The American Council on Science and Health reports that some affects of smoking are permanent and irreversible. Smoking for only five years damages the lungs, heart, eyes, mouth, throat, digestive organs, genitals and skin. Quitting will not repair all the damage.

However, Thomas Osteen, a federal judge of the US District Court of the Middle District of North Carolina, a tobacco-producing state, ruled that the Environmental Protection Agency had accepted the provisions of the 1986 Radon Gas and Indoor Air Quality Research Act, but had not listened to industry voices. At the time the report was issued, even scientists said the agency used too low a standard to constitute causation rather than chance. Thus, the agency had wrongly declared secondhand tobacco smoke a dangerous, “class A” carcinogen in 1993. The judge said, “EPA publically commited to a conclusion before research had begun, excluded industry by violating the act’s procedurla requirements, adjusted established procedure and scientific norms to validate the agency’s public conclusion, and aggressively utilized the act’s authority to disseminate findings to establish a de fact regulatory scheme intended to restrict…products and to influence public opinion.” The ruling had said secondhand smoke was as dangerous as radon or benzene, and the ruling had resulted in many indoor smoking bans. California restricts smoking even in bars. Carol Browner, administrator of the Environmental Protection Agency, said, “it’s so widely accepted that secondhand smoke causes very real problems for kids and adults.” Secondhand smoke involves low concentrations of carcinogens, and a strong cancer connection is hard to establish. Other reports keep coming that both support and undercut the agency. One thing for sure: the agency had an agenda which they pursued, bending scientific findings and all evidence to fit their preconceived notions. This has backfired, as indeed it should.

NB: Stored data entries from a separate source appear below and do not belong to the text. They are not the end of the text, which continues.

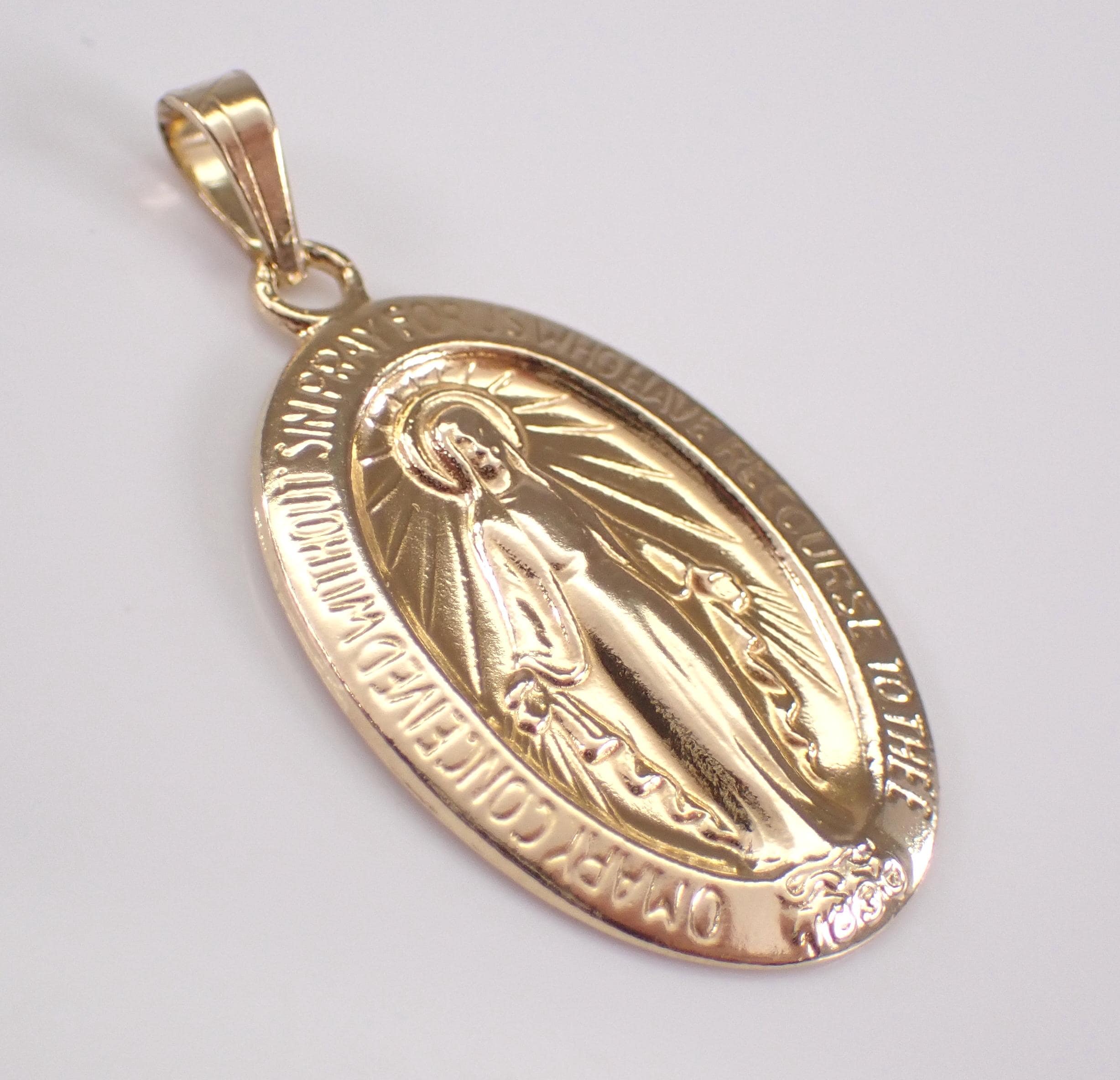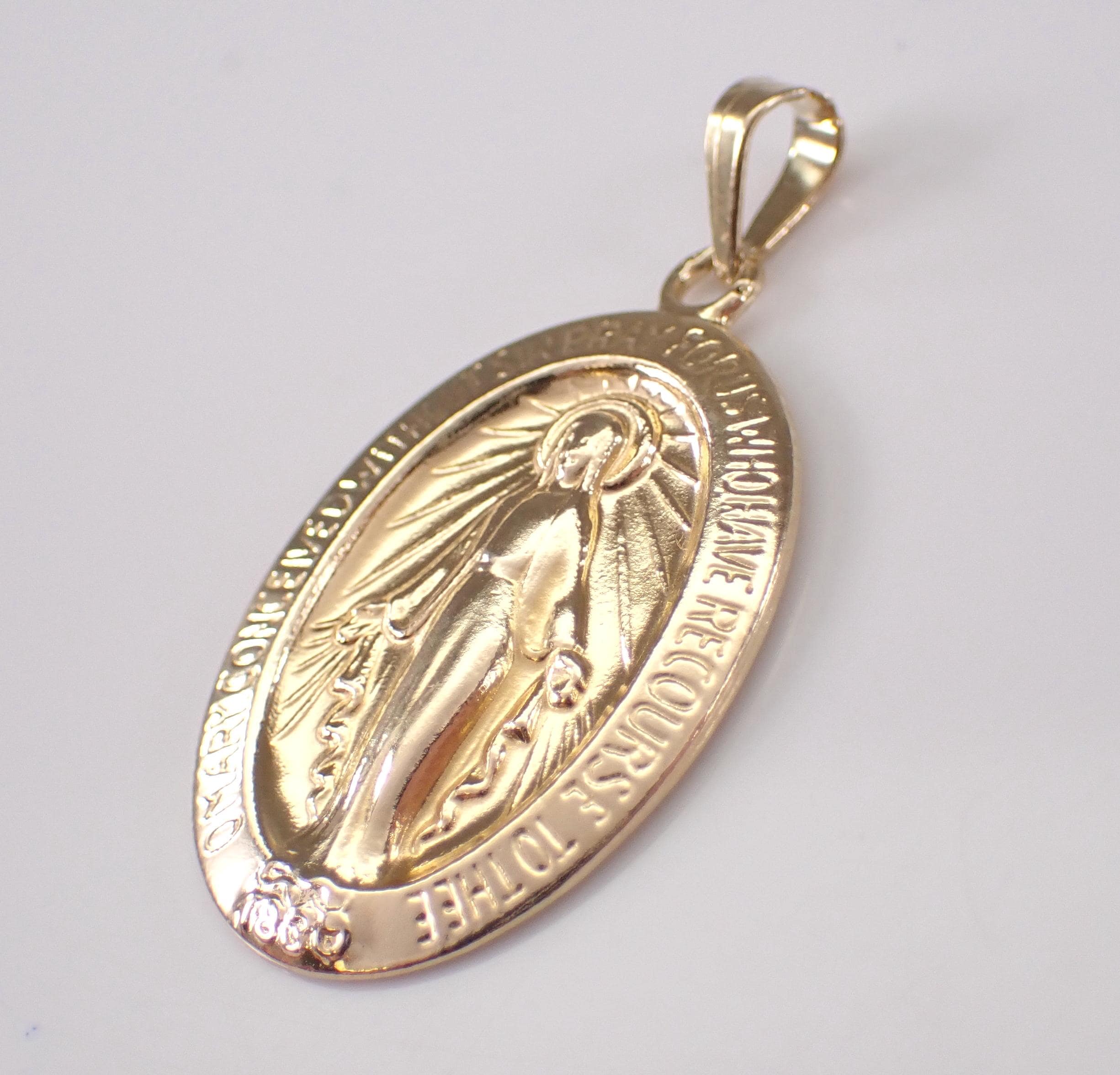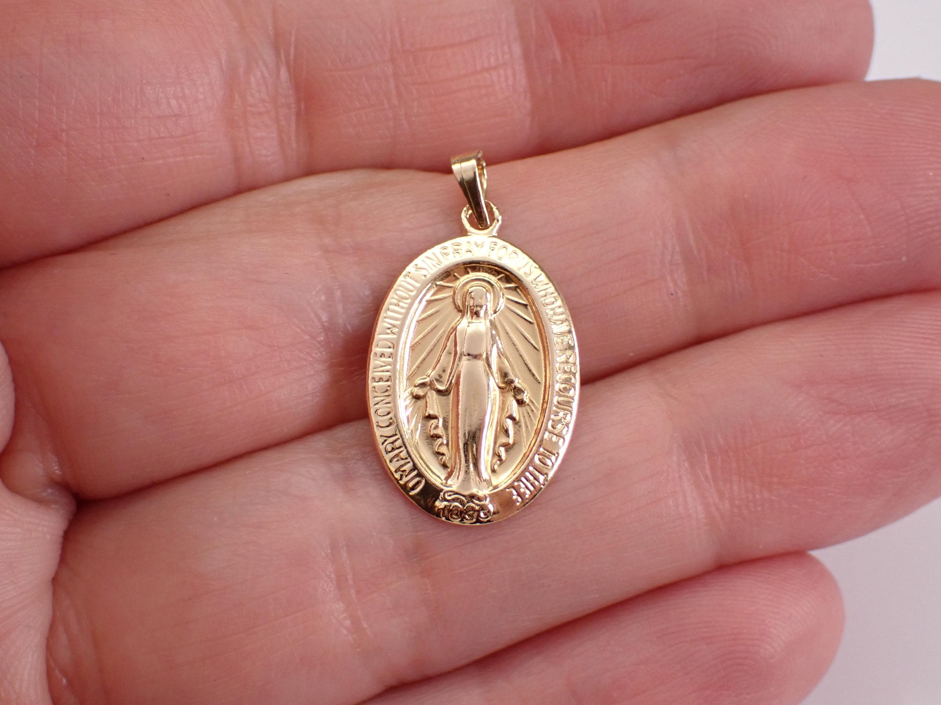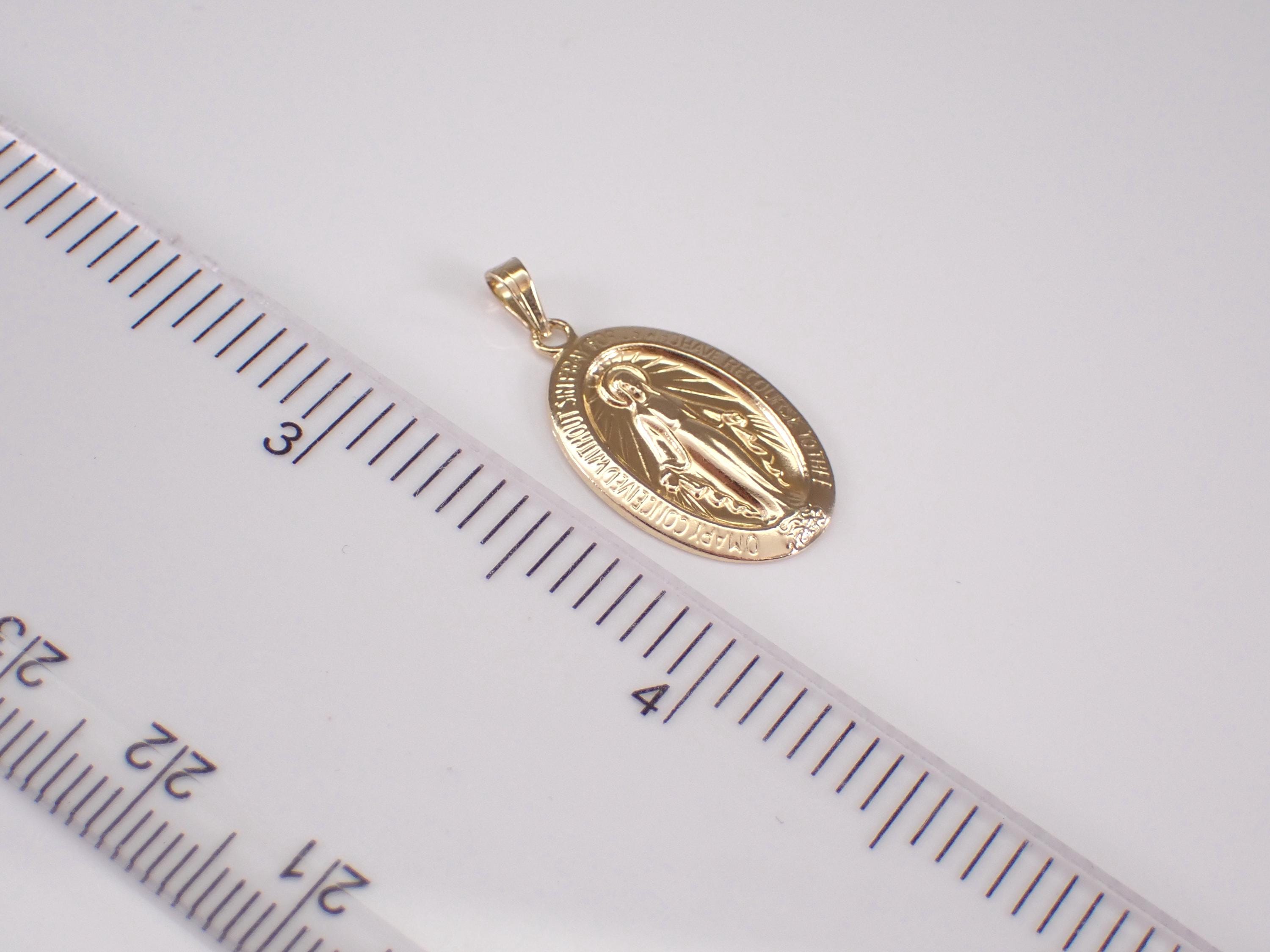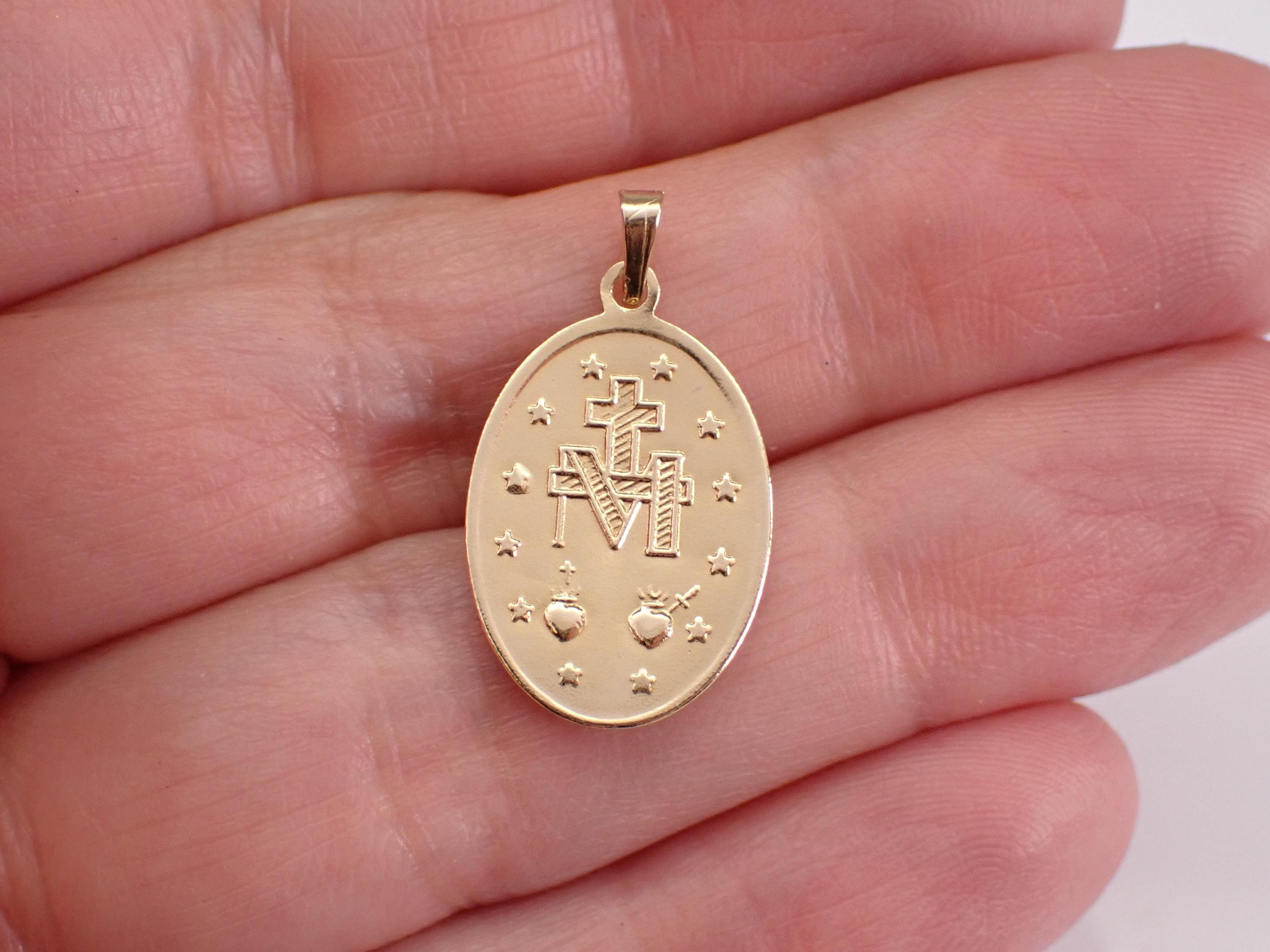 Vintage 14K Yellow Gold miraculous medal Charm Pendant. This charm is 14K gold and measures 18 X 13 mm. This charm weighs .9 grams and dates to Circa 1980s. I will ship this pendant promptly in a beautiful gift pouch.
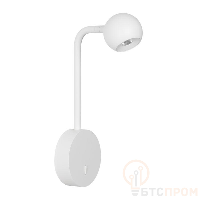 Накладной настенный светильник. Мощность 6 Вт, св. поток 540 лм, 90 лм/Вт, теплый 3000К, CRI>90, угол 30°, напряжение питания 230 В. Белый корпус из алюминия (основание, ножка, светоизлучаль в форме шара), степень защиты IP20. Размер основания O100?30 мм, размер ножки O12,5?175х72 мм, размер светоизлучателя O65?55,5 мм. Драйвер встроенный, пульсация <1%
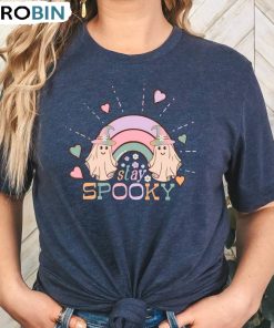 Halloween Stay Spooky Shirt, Halloween Ghost Rainbow Sweater Short Sleeve details
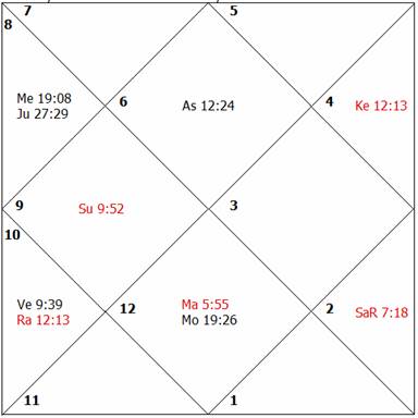 The sign Virgo rises in the ascendant. Saturn, Mars, Sun, Rahu and

Still, Donna Shalala, US secretary of health and human services, says the widespread bans on smoking at work, in restaurants and on airplanes will not be revoked. The US people now “believe it is inappropriate to have to be in a plade where they have to breathe tobacco smoke,” said Matthew Myers, executive vice-president and general cousel for the Campaign for Tobacco-Free Kids.

On the other hand, Michael York, a lawyer for the cigarette maker Philip Morris Cos., said the new ruling would make difficult suing the tobacco companies for lung cancer.

Cocaine use is down among suspects arrested in many USA cities, but methamphetamine use in the western states rose.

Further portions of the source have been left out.